→ **SOURCE DATA**
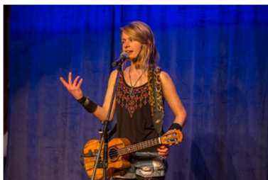
Zehentscheuer Linkenheim-Hochstetten, 08.03.19
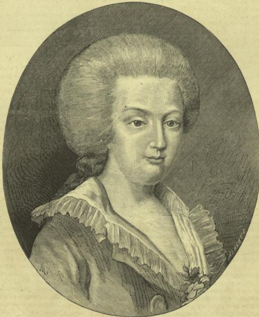
A PRINCEZA D. MARIA FRANCISCA BENEDICTA
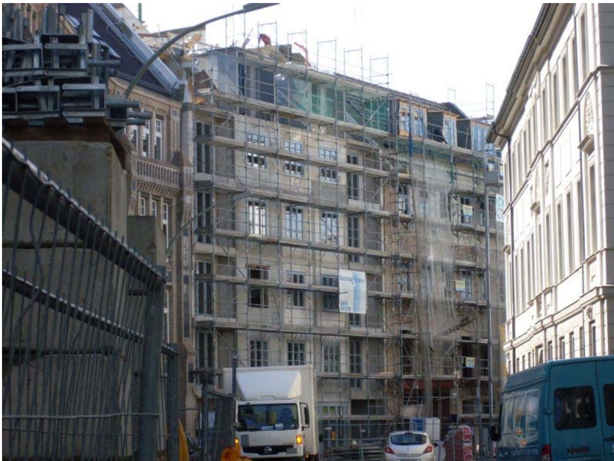
Das Musikerhaus am Spittelmarkt, Bautenstand Mai 2010

„Die wahre Ursache der baulichen Nachkriegsmisere ist diese fundamentale Geschichtslosigkeit des Zeitgeists.“, kann man den Frankfurter Architekten und Städteplaner Albert Speer zitieren. Er fügt hinzu: „Nur das Zusammenspiel von Alt und Neu ergibt Vielfalt. Zur Schönheit einer Stadt gehört, dass ihre Bauten verschiedene Epochen spiegeln. Diese Bauten müssen nicht immer besonders schön sein, sie müssen im Ausdruck für etwas stehen. Der Charakter einer Stadt wird stark von ihrer Geschichte geprägt, nicht nur von ihrer momentanen Funktion. Wer als Architekt darauf reagieren will, muss das Alte aber auch genau kennen. Die architektonische Vielfalt der deutschen Regionen, die in Jahrhunderten gewachsen ist, muss bewahrt und bei Neubauten berücksichtigt werden. Das ist lebenswichtig, wenn wir die gebaute Identität unseres Landes erhalten wollen.“ (Spiegelonline Interview vom 18.5.2010)

→ **TASK GOAL**
An exact repeat of all the data is required, pictures excluded.

→ **PROBLEM SOLUTION**
Zehentscheuer Linkenheim-Hochstetten, 08.03.19
A PRINCEZA D. MARIA FRANCISCA BENEDICTA
Das Musikerhaus am Spittelmarkt, Bautenstand Mai 2010

„Die wahre Ursache der baulichen Nachkriegsmisere ist diese fundamentale Geschichtslosigkeit des Zeitgeists.“, kann man den Frankfurter Architekten und Städteplaner Albert Speer zitieren. Er fügt hinzu: „Nur das Zusammenspiel von Alt und Neu ergibt Vielfalt. Zur Schönheit einer Stadt gehört, dass ihre Bauten verschiedene Epochen spiegeln. Diese Bauten müssen nicht immer besonders schön sein, sie müssen im Ausdruck für etwas stehen. Der Charakter einer Stadt wird stark von ihrer Geschichte geprägt, nicht nur von ihrer momentanen Funktion. Wer als Architekt darauf reagieren will, muss das Alte aber auch genau kennen. Die architektonische Vielfalt der deutschen Regionen, die in Jahrhunderten gewachsen ist, muss bewahrt und bei Neubauten berücksichtigt werden. Das ist lebenswichtig, wenn wir die gebaute Identität unseres Landes erhalten wollen.“ (Spiegelonline Interview vom 18.5.2010)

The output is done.